Part of the problem with the concept proposed by the o.p. is that it assumes perfect onversion of the energetic output into thermal energy which will melt or heat rock into magma. This just isn’t very realistic unless you could convert the output into the microwave range, where it will more evenly diffuse. With output in the x-ray or gamma ray range it will be almost fully absorbed by the strata within a few tens of centimeters, and rather than become molten it will just vaporize material which will then generate a mechanical shock wave. If the surrounding material were already molten the shock wave might cause heating via compression and shear forces, but with solid rock it will just fracture. And if it were already molten, it would be extremely problematic to encapsulate and sink the device deep enough into the magma so that it wouldn’t just blow material outward. All in all, the impracticalities of this scheme outweight any possible benefit, notwithstanding the difficultly in recovering more than a tiny fraction of the energy for power genreation.
And yes, Teller was a nutter for all things pertaining to the use of the ‘Super’, and completely oblivious to even the most obvious hazards and persistent effects. He also was later a strong proponent of directed energy missile defense (lasers, particle beams, et cetera) powered—wait for it—by nuclear weapons. That such weapons are no more practical today than they were during the Strategic Defense Initiative era and have some fundamental limitations that no advances in technology are likely to overcome demonstrates just how out of touch Teller was with the actual technology he was pandering for. He has more recently been promoting the supposed availability of ‘red mercury’ (a mythical ballotechnic substance that could initiate fusion without a fission primary or explosive containment) which has the hallmarks of being drawn from a Dan Brown knockoff technothriller and by all credible accounts has been used as a lure to locate would-be nuclear terrorists.
A meltdown is a partial or complete melting of the fuel elements, rendering the system unable of being controlled.

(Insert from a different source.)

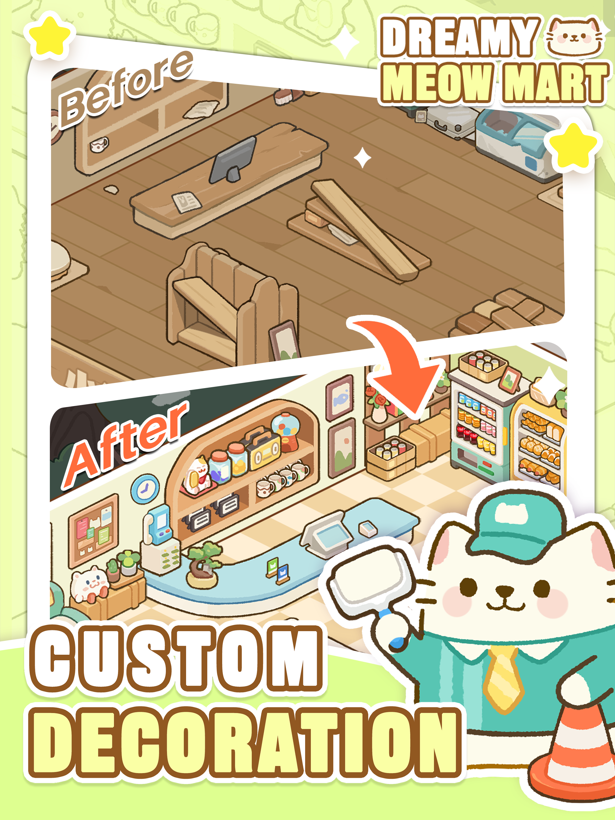 Interact with a set of endearing cat NPCs. Each has a distinct personality and story. Listen to their tales while serving them in your store, and buil...
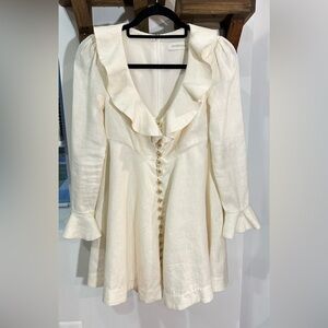 NWT Zimmermann Cream Linen Daisy Mini Dress Ruffle Long Sleeve AU 0P (US 2P)

It will not, despite the hyperbole you may have heard or read, melt through the Earth’s crust. There is some concern that should it contact the water table or a source of water the thermal shock or generation of explosive gases would result in dispersal of radioactive material as happened with Chernobyl #3 and Fukushima #1, #2, and #3. The comparison to boiling water with a stick of dynamite is apt; while there is certainly considerable energy in dynamite, the rate at which it is released is far too rapid for conversion to controllable thermal energy (and in fact that brisance is what is desirable about chemical explosives).
This is just not a practical idea for energy production for a large number of reasons.
Hmm… so having the surrounding material be liquid doesn’t help that much. You still get a ball of high-temperature plasma which tends to simply blow away before it can transfer its heat to its surroundings. Sort of like boiling water with dynamite indeed.
I was tempted to dispense with the lava and simply have the nuke heat the shell I mentioned earlier, but then you get into how expensive the highly-enriched fissionable material for the primary is. <sigh> Too bad; generating power on a vast scale using nukes is just so Rule Of Cool.